Deploy in a few minutes an high available K3s cluster on Amazon AWS using mixed on-demand and spot instances
- Requirements
- Before you start
- Pre flight checklist
- Notes about K3s
- Infrastructure overview
- Instances used
- Deploy
- Cluster resource deployed
- Optional cluster resources
- Clean up
- Terraform - Terraform is an open-source infrastructure as code software tool that provides a consistent CLI workflow to manage hundreds of cloud services. Terraform codifies cloud APIs into declarative configuration files.
- Amazon AWS Account - Amazon AWS account with billing enabled
- kubectl - The Kubernetes command-line tool (optional)
- Python pip package - Python package installer (python3-pip under Ubuntu distro)
- aws cli - the cli is needed to fix this problem.
Note that this tutorial uses AWS resources that are outside the AWS free tier, so be careful!
Follow the prerequisites step on this link. Create a file named terraform.tfvars on the root of this repository and add your AWS_ACCESS_KEY and AWS_SECRET_KEY, example:
AWS_ACCESS_KEY = "xxxxxxxxxxxxxxxxx"
AWS_SECRET_KEY = "xxxxxxxxxxxxxxxxx"
build the lambda package (not provided in this repo):
pip install --target k3s_cluster/lambda/kube_cleaner_src/ kubernetes
cd k3s_cluster/lambda/kube_cleaner_src/
zip -r ../kube_cleaner.zip .
configure the aws cli:
aws cli configure
edit the main.tf files and set the following variables:
Var | Required | Desc |
---|---|---|
AWS_REGION |
yes |
set the correct aws region based on your needs |
vpc_id |
yes |
set your vpc-id. You can find your vpc_id in your AWS console (Example: vpc-xxxxx) |
vpc_subnets |
yes |
set the list of your VPC subnets. You can find the list of your vpc subnets in your AWS console (Example: subnet-xxxxxx) |
vpc_subnet_cidr |
yes |
set your vcp subnet cidr. You can find the VPC subnet CIDR in your AWS console (Example: 172.31.0.0/16) |
cluster_name |
yes |
the name of your K3s cluster. Default: k3s-cluster |
my_public_ip_cidr |
yes |
your public ip in cidr format (Example: 195.102.xxx.xxx/32) |
k3s_version |
no |
K3s version. Default: latest |
k3s_subnet |
no |
Subnet where K3s will be exposed. Rquired if the subnet is different from the default gw subnet (Eg. 192.168.1.0/24). Default: default_route_table |
environment |
yes |
Current work environment (Example: staging/dev/prod). This value is used for tag all the deployed resources |
common_prefix |
no |
Prefix used in all resource names/tags. Default: k3s |
create_extlb |
no |
Boolean value true/false, specify true for deploy an external LB pointing to k3s worker nodes. Default: false |
install_nginx_ingress |
no |
Boolean value, install kubernetes nginx ingress controller instead of Traefik. Default: true. For more information see Nginx ingress controller |
nginx_ingress_release |
no |
nginx ingress controller release.

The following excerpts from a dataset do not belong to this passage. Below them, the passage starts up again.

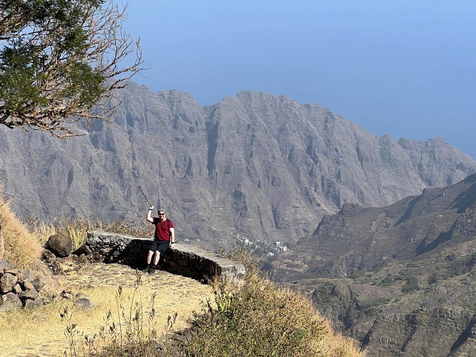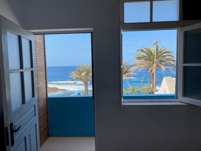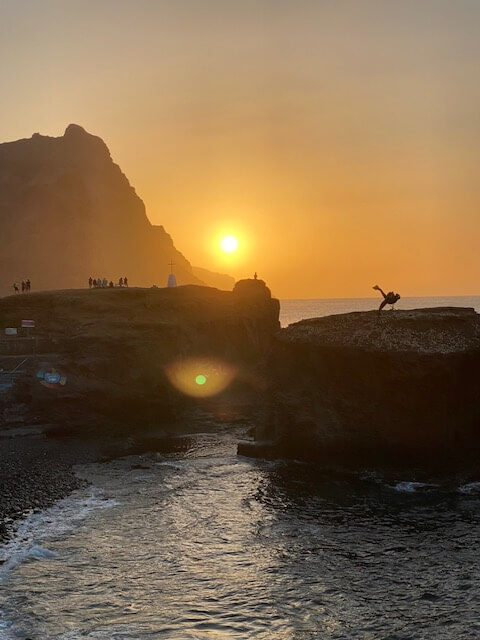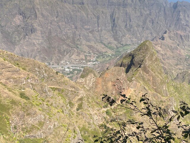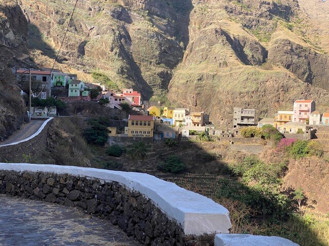 Am nächsten Morgen ging es per Schiff nach Santo Antão, eine windige Fahrt von einer Stunde nach Porto Novo mit auf die Minute pünktlicher Abfahrt. Auch dort wurden wir sofort in Empfang genommen und fuhren über den Krater Cova de Paúl nach Corda, von wo die erste Wanderung hinunter nach Coculi zum Green Place startete. Es lohnt sich, für diese Wanderungen Wanderstöcke mitzunehmen. Obwohl es nur wenige feuchte Bereiche gibt, ist festes Schuhwerk unerlässlich. Die Wanderung, obwohl meist bergab und im oberen Bereich einfach, nötigte uns Respekt ab. Man wurde immer wieder mit überwältigenden Ausblicken belohnt! Der Green Place, schon kilometerweit wegen seiner Signalfarbe zu sehen, entpuppte sich als wunderbarer Ort zum Relaxen nach der Wanderung. Unterwegs und auch dort ergaben sich immer wieder nette Kontakte mit anderen internationalen Wanderern (meist aus dem französischen Sprachraum) als auch Einheimischen. Am nächsten Tag folgte die nächste Wanderung über eine Bergkette nach Chã de Igreja, für uns anspruchsvoll, aber mit einer Pause unterwegs in Joanna‘s Bar mit üppigem Essen in Celada de Mocha auch machbar. In Chã de Igreja waren wir einfach, aber gut im Mité e Banana untergebracht und konnten etwas teilhaben am Leben in diesem wunderschönen Dorf. Von dort ging es weiter auf dem Küstenwanderweg nach Ponta de Sol. Zwei von uns gingen den Weg, wir beiden anderen ließen uns mit dem Gepäck über atemberaubende Pässe in den traumhaften Fischerort ganz im Norden der Insel bringen. Die dortige Unterkunft im direkt am Wasser gelegenen Música do Mar war für mich einer der Höhepunkte der ohnehin an positiven Eindrücken reichen Reise. Das sehr gute Abendessen dort oder im benachbarten Caleta sowie die abendliche Live-Musik und die unvergleichlichen Sonnenuntergänge brachten uns magische Momente. Die anderen wanderten an einem Tag noch durch das üppig grüne Vale do Paúl, ich „begnügte“ mich mit einer Wanderung in das spektakulär gelegene Dorf Fontainhas.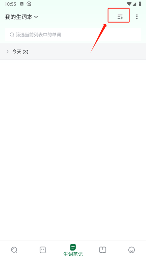 1、在德语助手app的生词笔记界面,点击右上角的功能键;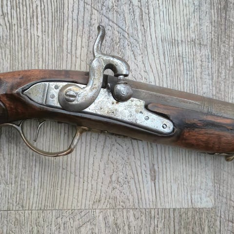 Liten perkusjon/svartkrutt munnladerpistol. Disse er registreringspliktige og må søkes om, men er etter den nye forskriften unntatt behovsprøving. Det vil si at det må sendes inn søknad til politiet, men det er krav om aktivitet. Kaliber .44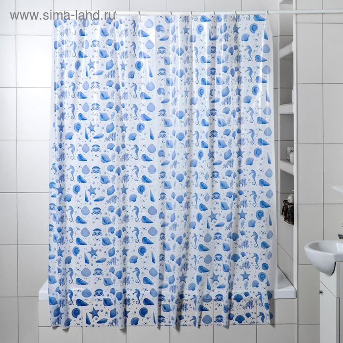 Штора для ванной «Ракушки», 180×180 см, цвет белый
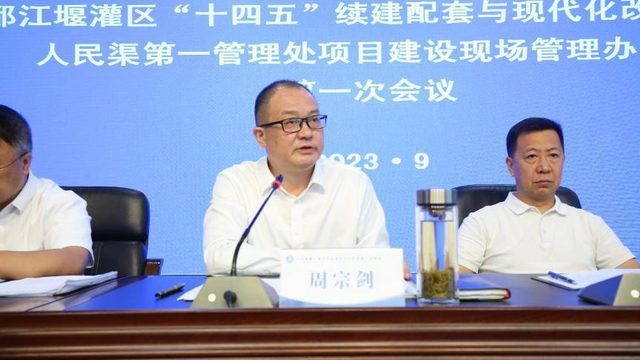 为深入贯彻落实习近平总书记来川视察重要指示精神,助力新时代更高水平“天府粮仓”建设,高质量推进都江堰灌区“十四五”续建配套与现代化改造工程人民渠第一管理处项目(以下简称“人民渠第一管理处项目”)前期各项工作,确保人民渠第一管理处项目顺利开工建设,9月22日,人民渠第一管理处组织召开人民渠第一管理处项目建设现场管理办公室第一次会议。党委书记、处长周宗剑出席会议并讲话,全体在家处领导、都发中心“十四五”建设办出席会议,党委副书记吴平勇主持会议。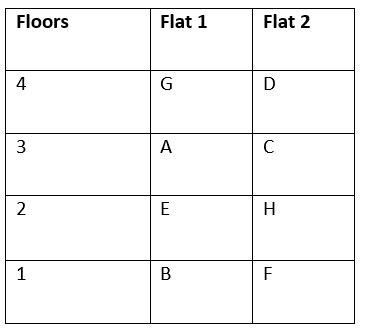 Eight people are A, B, C, D, E, F, G, and H living in a building which has four floors numbered as 1 to 4 from bottom to top. Each floor has two flat 1 and flat 2, where flat 2 is to the east of flat 1. Only one person is living in each flat of the building but not necessarily in the same order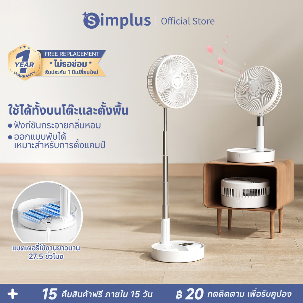5. Simplus พัดลมตั้งโต๊ะ พัดลมตั้งพื้น พับเก็บได้ อโรมา แบต 8000mAh ใช้นาน 27.5ชม ตั้งเวลาได้ DFSH017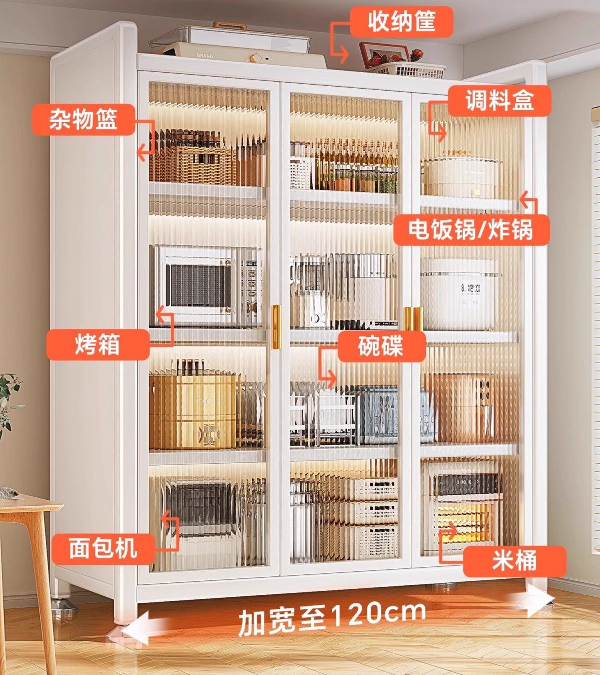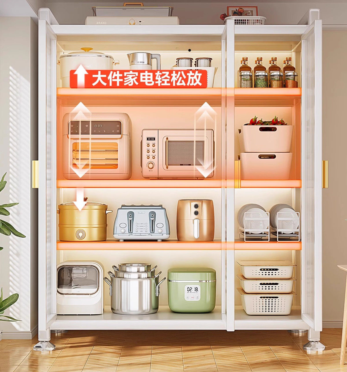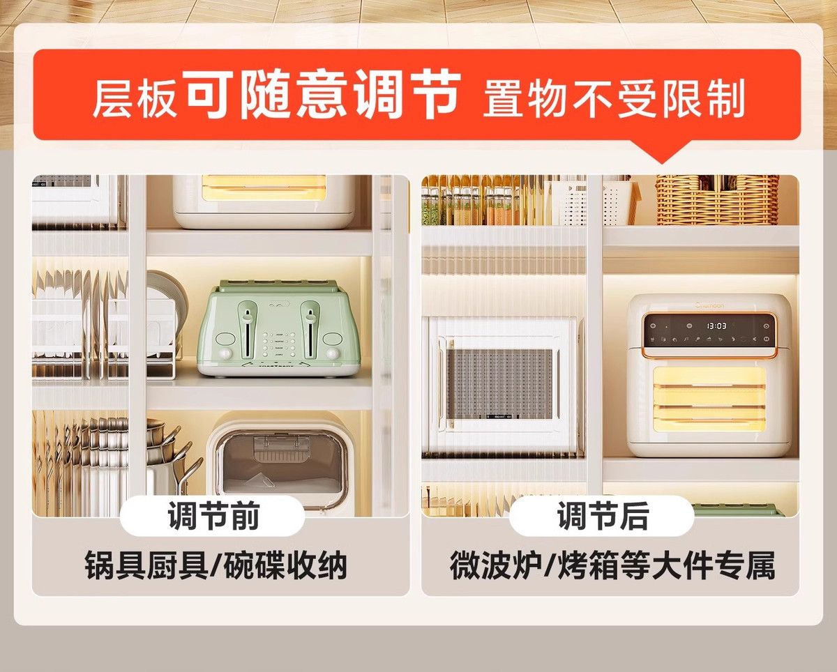 厨房置物架阳台落地多层微波炉锅具收纳家用防尘橱柜多功能储物柜

Default: v1.3.1 |
install_node_termination_handler |
no |
Boolean value, install node termination handler) Default: true. |
node_termination_handler_release |
no |
node termination handler release. Default: v1.17.3 |
install_certmanager |
no |
Boolean value, install cert manager "Cloud native certificate management". Default: true |
certmanager_release |
no |
Cert manager release. Default: v1.8.2 |
certmanager_email_address |
no |
Email address used for signing https certificates. Defaul: [email protected] |
efs_persistent_storage |
no |
Deploy EFS for persistent sotrage |
efs_csi_driver_release |
no |
EFS CSI driver Release: v1.4.2 |
extlb_http_port |
no |
http port used by the external LB. Default: 80 |
extlb_https_port |
no |
https port used by the external LB. Default: 443 |
expose_kubeapi |
no |
Boolean value, default false. Expose or not the kubeapi server to the internet. Access is granted only from my_public_ip_cidr for security reasons. |
PATH_TO_PUBLIC_KEY |
no |
Path to your public ssh key (Default: "~/.ssh/id_rsa.pub) |
PATH_TO_PRIVATE_KEY |
no |
Path to your private ssh key (Default: "~/.ssh/id_rsa) |
default_instance_type |
no |
Default instance type used by the Launch template. Default: t3.medium |
instance_types |
no |
Array of instances used by the ASG. Dfault: { asg_instance_type_1 = "t3.medium", asg_instance_type_2 = "t3a.medium", asg_instance_type_2 = "c5a.large", asg_instance_type_4 = "c6a.large" } |
kube_api_port |
no |
Kube api default port Default: 6443 |
k3s_server_desired_capacity |
no |
Desired number of k3s servers. Default 3 |
k3s_server_min_capacity |
no |
Min number of k3s servers: Default 4 |
k3s_server_max_capacity |
no |
Max number of k3s servers: Default 3 |
k3s_worker_desired_capacity |
no |
Desired number of k3s workers. Default 3 |
k3s_worker_min_capacity |
no |
Min number of k3s workers: Default 4 |
k3s_worker_max_capacity |
no |
Max number of k3s workers: Default 3 |
This module will deploy a custom instance profile with the following permissions:
- AmazonEC2ReadOnlyAccess and AmazonSSMManagedInstanceCore (AWS managed)
- custom inline policy for cluster autoscaler
- custom inline policy for EFS cis driver
- custom inline policy for manage secrets in secrets manager
For the cluster autoscaler policy you can find more details here The full documentation for the cluster autoscaler is available here
In this tutorial the High Availability of the K3s cluster is provided using the Embedded DB. More details here
The final infrastructure will be made by:
- two autoscaling groups:
- one autoscaling group for the server nodes named "k3s_servers"
- one autoscaling group for the worker nodes named "k3s_workers"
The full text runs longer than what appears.